Having autocomplete information is quite useless for token classes, unless you can specify from where you will take all valid i.e. declared identifiers.

In this version of Coco/R you can declare global symbol tables for a parser and mark tokenclasses in productions to create a new symbol, error out if it was already declared and mark a tokenclass to use such a symbol, i.e. error out if it was not declared. At such a symbol use point, when looking at alternatives, you can ask the parser, of which symbols it knows at this point to provide autocomplete for token classes.

Lexical Scopes for Symbol Tables

The existance and no-redefinition checks can be scoped lexically by marking a production as a scope for a symbol table. By creating a new scope for a production, you can create and redefine any symbol, as well as use any symbol in this scope and all of it's parent scopes. This scope, as well as all newly created symbols, is destroyed when you leave the generated production method. So if you need to preserve the scoped symbols, you might want to add a semantic action that stores the symbol table's current scope i.e. symboltable.currentScope in your AST.

Useonce and Useall Scopes for Symbols

You can declare at the production level, that any symbol has to be used at most once (useonce) or at least once (useall) inside this lexical scope. This is usefull for metaprogramming, where you declare idents as keyword-like in your language and state that each such keyword-like ident has to be used, or can appear only one time.

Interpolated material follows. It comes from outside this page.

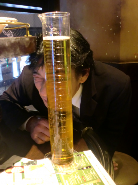 いいっすねえ。 いかがわしい仲間と飲み物。 ・・仲間はいかがわしくないっすね。^^;; 遊び心のあるお店は楽しいっすね。 試験管カクテルは見たことあるけど、シリンダビールはみたことないなあ。 でかい。@@
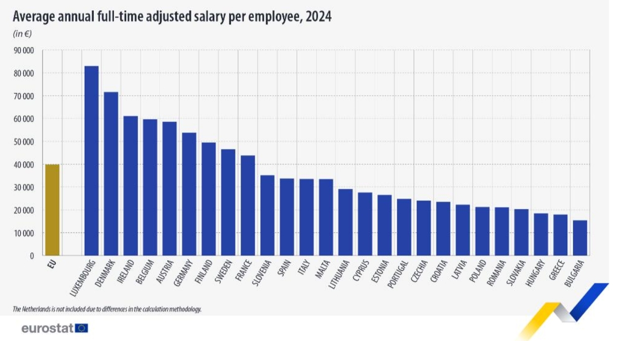 Среди государств-членов ЕС самые высокие средние годовые скорректированные зарплаты были зафиксированы в Люксембурге (83 000 евро), за которым следуют Дания (71 600 евро) и Ирландия (61 100 евро).

Of course, these two declarations can be used together to form a use-exactly-once semantic.

Strict and Non Strict Symbol Tables

Symbol tables can be strict, i.e. every symbol has to be declared before its use (aka one-pass), or non-strict, meaning that a symbol can be used and declared anywhere acording to common scoping rules (aka two-pass). However, there are actually no multiple passes, the generated parser always makes only one pass.

Autocomplete Information

If the switch -ac is set, the generator produces a parser, that records for any parsed terminal symbol all alternative terminal symbols, that would be valid instead of the actually parsed token.

Find Symbol Declaration

The autocomplete information includes data to locate the token that declares the currently parsed symbol.

Sample Winforms Editor

Proof of concept to show autocomplete information interactively. Supports error location, "Goto declaration", instant "Find all references" as well as alternatives for keywords and declared symbols.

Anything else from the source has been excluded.